Sachiko Morrell retired from the Washington University Libraries—where
she was the head librarian of the East Asian Library—after thirty-one years
of dedicated service. Sachiko received her BA in English and American
Literature from Tokyo Woman’s Christian College in 1953; and her MA in
Asian Studies from Washington University in 1972. In 1987 she published
A Guide to Research Materials in Japanese Studies, Washington University
Olin Library System. Bob and Sachi have just returned from a trip
to France and seem to have many more plans for a happy retirement.
EAST ASIAN STUDIES LIBRARY
Tony Chang is the new Head Librarian of the East Asian Library.
The library is now searching for a new Japanese Catalog Librarian/Subject
Librarian. In the meantime, Sachiko Morrell is helping out on a parttime
basis.
IN MEMORY
Dr. Stanely Spector passed away on January 29, 1999. He
was seventy-four. Dr. Spector joined the Washington University faculty
in 1955, having earned a Ph.D. in Chinese culture and language at the University
of Washington. When Dr. Spector arrived at WU, he was the first to
teach courses related to Asia—as there were no other faculty available
to offer these—and he taught them all—running the gamut from modern Japanese
language to ancient Chinese history. Dr. Spector worked tirelessly
to develop a program in Asian Studies here, and he successfully established
the Department of Chinese and Japanese in 1962. This department has
now grown to include Hebrew, Persian, Korean, Arabic, and (as of next year)

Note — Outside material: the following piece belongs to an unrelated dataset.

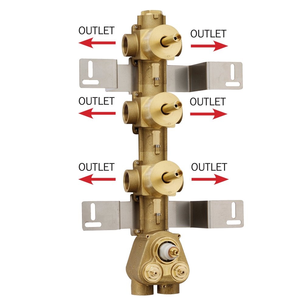 Unterputz-Einbaukörper für ThermostatMischbatterie mit hohem Durchfluss - 3/4" Anschlüsse - vertikaler/horizontaler Einbau - 6 Ausgängen (3 x 2-Wege Umsteller)

Hindi! Subsequently, the departmental name was changed to Asian and
Near Eastern Languages and Literatures. The East Asian Studies Program
was founded in 1991. Dr. Spector’s many contributions live on in
these programs and in his namesake, The Stanley Spector Lecture series.
FACULTY BITS AND PIECES
The Joint Degree—JD/MA
Shoresman Appointed Director of Joint Degree Programs
Michele Shoresman, Ph.D. was appointed as Director of Joint Degree and Graduate Programs in the School of Law as of August 30, 1998. Michele has had a long history with our Joint Degree in Law and East Asian Studies. She was one of the original writers of the first FLAS (Foreign Languages and Area Studies) proposals to the U.S. Department of Education in 1990. WU has to reapply for this grant every three years and has received FLAS funding for students of advanced Chinese and Japanese ever since that time.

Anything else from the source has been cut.